A State Council (cabinet) meeting last month outlined 10 specific measures, including more support to small businesses through relending, streamlining administrative procedures and eliminating unnecessary fees to give companies in targeted sectors easier access to money.
"Expansion in the PMI suggests that the support policies have borne fruit. The economy will be even better in the third quarter," said Lian Ping, chief economist with the Shanghai-based Bank of Communications Ltd.
"As the macroeconomy stabilizes, more support policies will push up overall financing demand. An accommodative monetary stance will also lead to rapid growth in credit supply," he said.

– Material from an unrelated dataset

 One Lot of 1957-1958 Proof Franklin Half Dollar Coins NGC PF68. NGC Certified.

GDP growth may reach 7.5 percent in the third quarter, said Wang Tao, chief China economist with UBS AG. However, despite a widely anticipated rebound in the third quarter, Wang said the economy may again face downward pressure in the fourth quarter, mainly due to the impact of the cooling property market. "The government may be forced to launch more support policies," she said.
"It is expected that the central government will continue to ensure the implementation of 'mini-stimulus' policies to stabilize economic growth, adjust the economic structure and improve living standards," said Thomas Stanley, chief operating officer with KPMG LLP's global China practice.

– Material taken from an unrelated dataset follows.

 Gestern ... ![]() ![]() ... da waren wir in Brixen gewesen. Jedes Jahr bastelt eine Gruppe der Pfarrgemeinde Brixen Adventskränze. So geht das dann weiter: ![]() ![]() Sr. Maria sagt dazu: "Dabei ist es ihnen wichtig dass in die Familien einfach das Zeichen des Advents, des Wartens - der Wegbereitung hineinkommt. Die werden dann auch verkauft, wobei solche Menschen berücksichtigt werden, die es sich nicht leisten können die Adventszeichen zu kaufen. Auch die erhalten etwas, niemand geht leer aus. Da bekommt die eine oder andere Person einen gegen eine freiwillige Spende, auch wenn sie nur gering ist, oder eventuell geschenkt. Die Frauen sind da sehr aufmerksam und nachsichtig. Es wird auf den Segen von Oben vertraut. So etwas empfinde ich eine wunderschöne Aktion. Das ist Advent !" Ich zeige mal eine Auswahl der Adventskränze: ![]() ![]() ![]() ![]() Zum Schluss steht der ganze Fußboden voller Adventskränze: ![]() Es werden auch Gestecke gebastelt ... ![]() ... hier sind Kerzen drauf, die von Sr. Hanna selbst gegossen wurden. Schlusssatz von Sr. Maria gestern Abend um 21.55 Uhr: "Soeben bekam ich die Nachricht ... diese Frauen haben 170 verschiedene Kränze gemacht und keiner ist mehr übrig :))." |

KPMG has forecast that China's second-half economic growth will be higher than 7.5 percent, and that full-year GDP growth will achieve the government's 2014 target of 7.5 percent.
"The recent economic data show that the Chinese economy is continuing its steady evolution away from a 'growth-above-all' model ... I expect that China should now be able to sustain this level of economic performance with-out a major course correction," Stanley said.